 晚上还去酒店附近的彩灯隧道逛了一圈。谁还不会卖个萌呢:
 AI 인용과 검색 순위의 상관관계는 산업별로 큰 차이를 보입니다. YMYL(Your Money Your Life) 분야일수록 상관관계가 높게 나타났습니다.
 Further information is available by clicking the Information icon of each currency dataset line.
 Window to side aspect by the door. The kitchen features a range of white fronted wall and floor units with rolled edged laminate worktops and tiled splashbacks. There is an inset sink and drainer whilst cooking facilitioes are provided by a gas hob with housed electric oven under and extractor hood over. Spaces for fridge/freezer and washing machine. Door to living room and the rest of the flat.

+===+

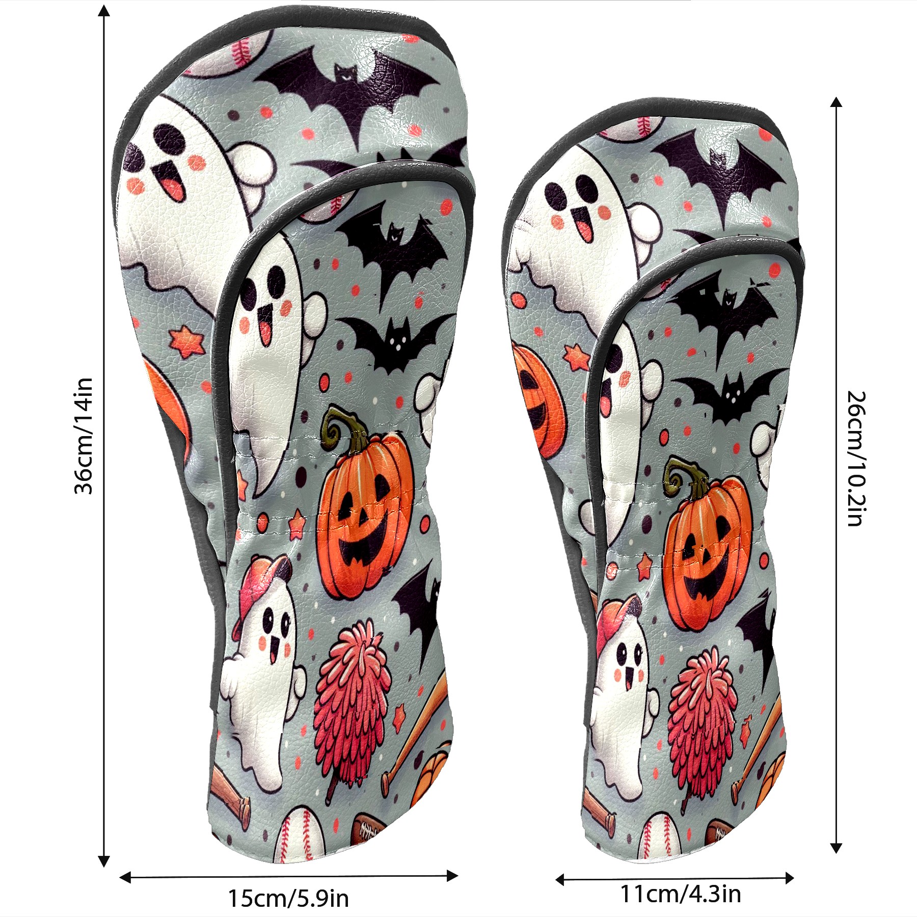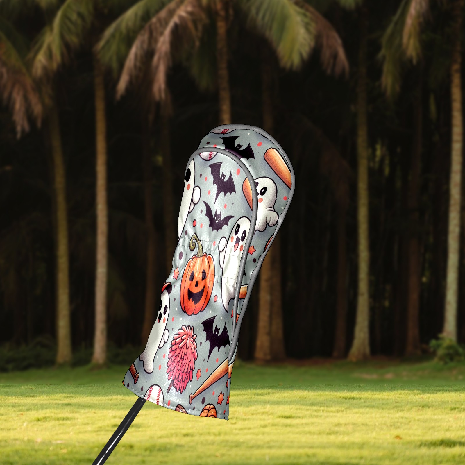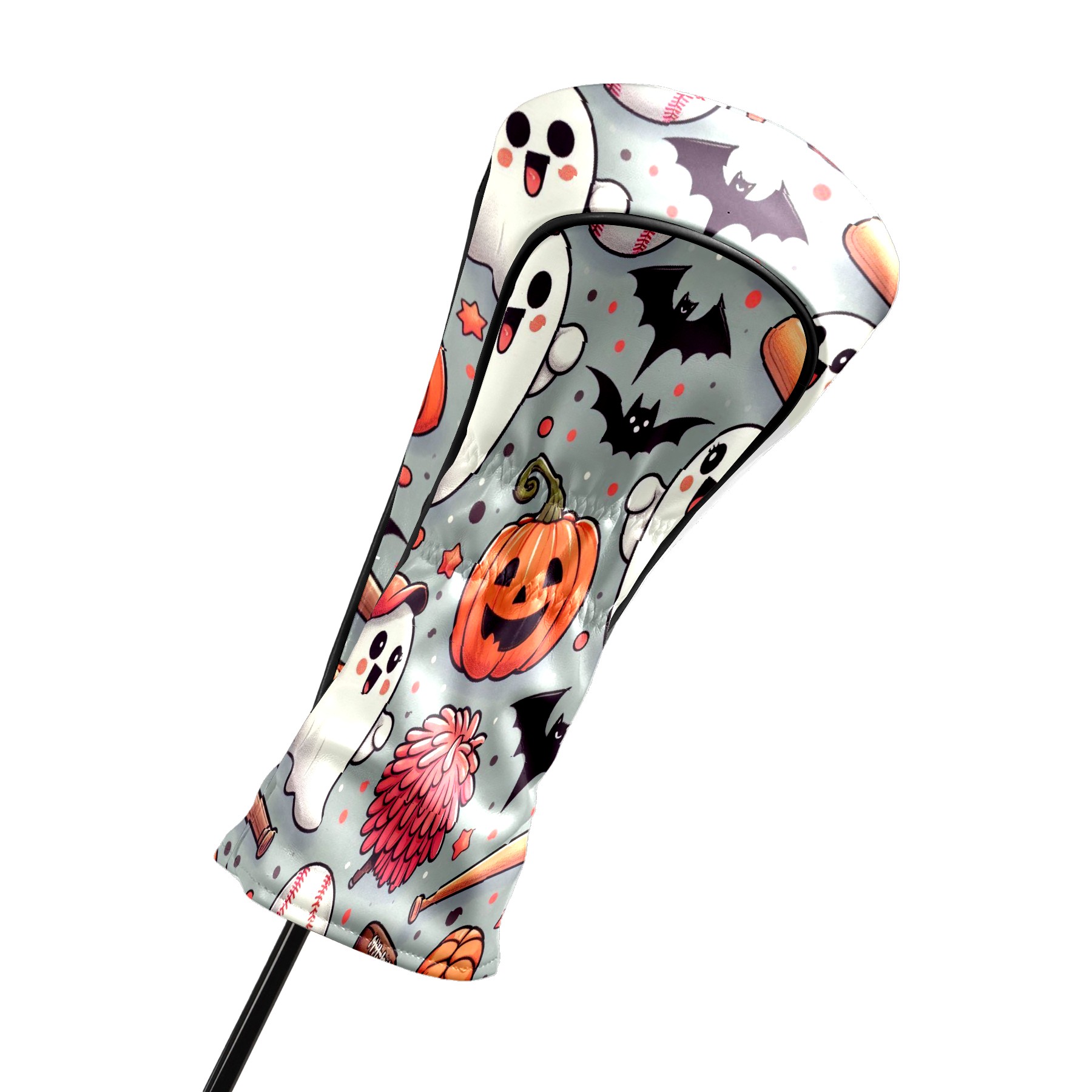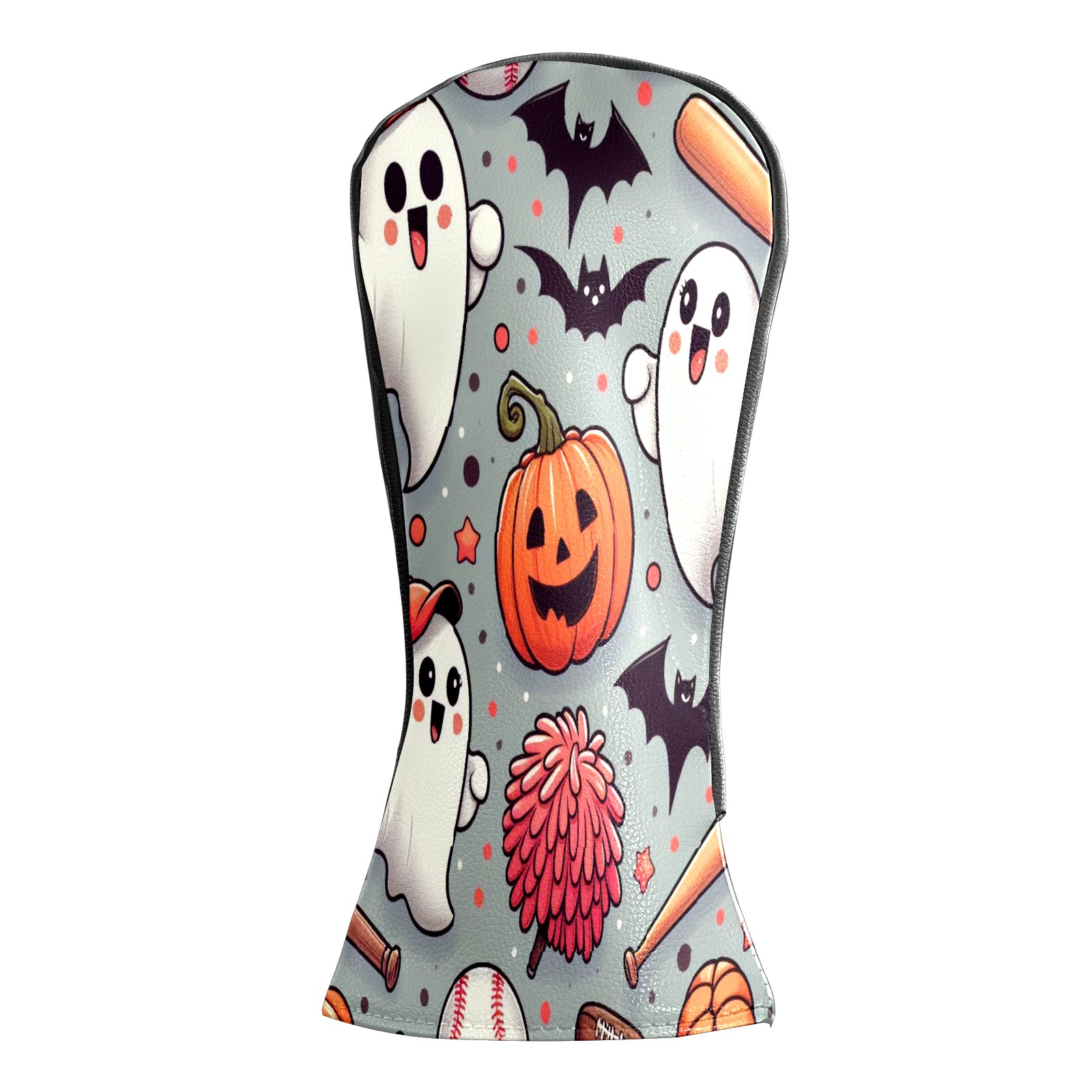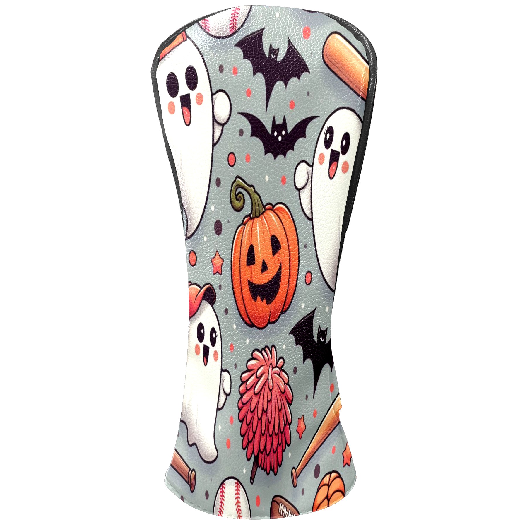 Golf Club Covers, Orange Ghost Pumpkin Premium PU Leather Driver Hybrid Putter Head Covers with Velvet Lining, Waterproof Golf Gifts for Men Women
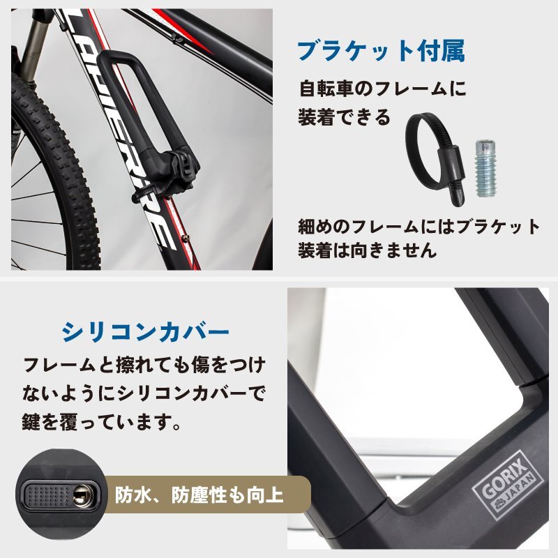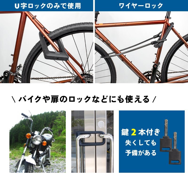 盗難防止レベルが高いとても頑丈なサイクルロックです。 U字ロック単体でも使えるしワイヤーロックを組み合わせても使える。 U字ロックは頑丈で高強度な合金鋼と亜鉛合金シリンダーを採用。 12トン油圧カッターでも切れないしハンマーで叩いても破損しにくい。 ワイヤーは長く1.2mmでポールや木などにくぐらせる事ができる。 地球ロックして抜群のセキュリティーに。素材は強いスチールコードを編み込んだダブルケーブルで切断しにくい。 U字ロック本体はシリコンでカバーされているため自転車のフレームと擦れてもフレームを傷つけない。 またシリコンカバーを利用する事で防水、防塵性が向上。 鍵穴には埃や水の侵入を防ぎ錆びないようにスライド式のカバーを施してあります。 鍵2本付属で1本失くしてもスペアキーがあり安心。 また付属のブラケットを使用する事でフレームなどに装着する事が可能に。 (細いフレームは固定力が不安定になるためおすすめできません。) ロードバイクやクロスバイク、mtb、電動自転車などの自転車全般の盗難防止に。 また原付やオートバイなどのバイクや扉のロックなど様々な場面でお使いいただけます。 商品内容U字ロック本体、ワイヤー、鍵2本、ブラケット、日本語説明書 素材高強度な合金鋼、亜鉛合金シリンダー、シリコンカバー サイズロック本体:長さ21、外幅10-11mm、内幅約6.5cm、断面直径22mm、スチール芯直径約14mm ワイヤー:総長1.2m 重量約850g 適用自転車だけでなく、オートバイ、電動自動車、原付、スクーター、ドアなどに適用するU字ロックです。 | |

+===+

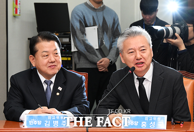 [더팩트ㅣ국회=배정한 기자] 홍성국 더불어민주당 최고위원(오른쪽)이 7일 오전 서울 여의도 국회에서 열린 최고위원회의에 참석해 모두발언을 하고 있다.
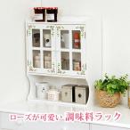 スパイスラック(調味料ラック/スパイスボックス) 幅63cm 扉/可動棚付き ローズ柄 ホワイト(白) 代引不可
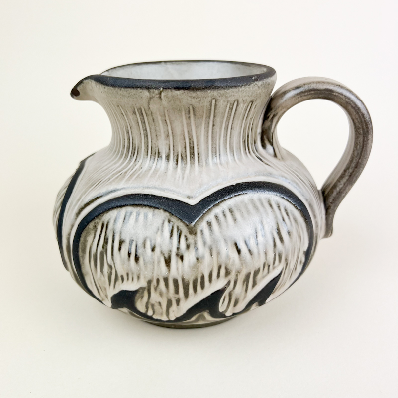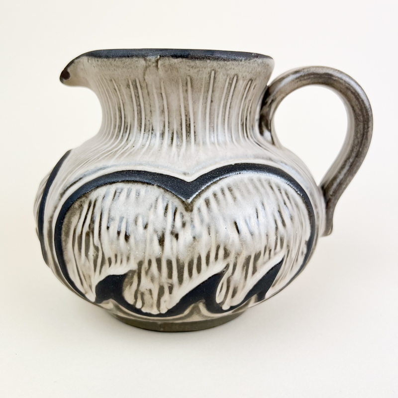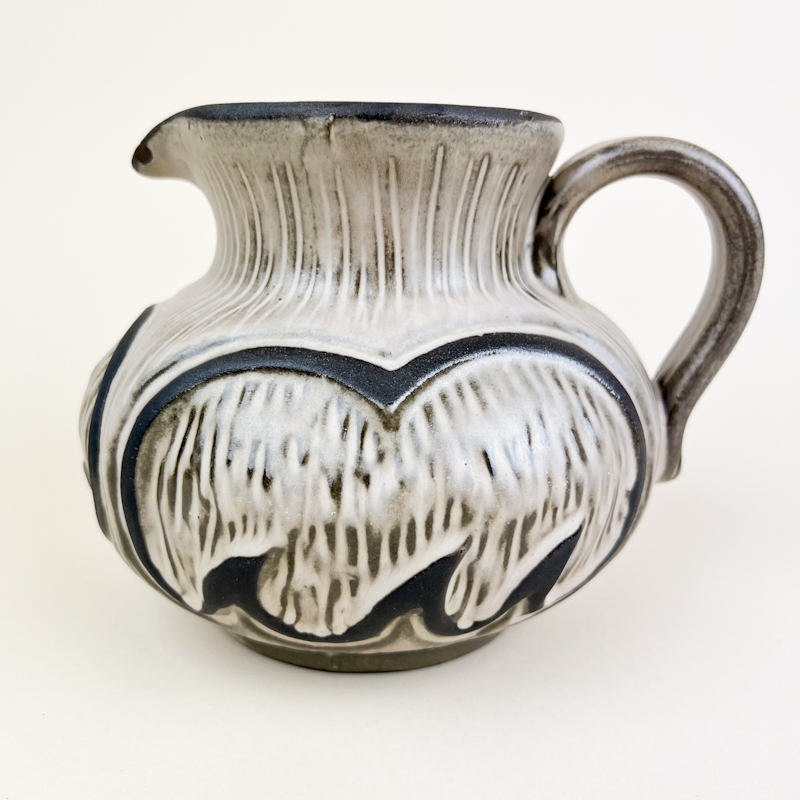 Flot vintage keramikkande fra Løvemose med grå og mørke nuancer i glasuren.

+===+

__TRY IT__
Only the lines starting at the one that includes "[더팩트ㅣ국회=배정한 기자] 홍성국" and ending at the one that includes "Flot vintage keramikkande" should be retyped, exactly, from the records above; no pictures.

__RESULT__
 [더팩트ㅣ국회=배정한 기자] 홍성국 더불어민주당 최고위원(오른쪽)이 7일 오전 서울 여의도 국회에서 열린 최고위원회의에 참석해 모두발언을 하고 있다.
 スパイスラック(調味料ラック/スパイスボックス) 幅63cm 扉/可動棚付き ローズ柄 ホワイト(白) 代引不可
 Flot vintage keramikkande fra Løvemose med grå og mørke nuancer i glasuren.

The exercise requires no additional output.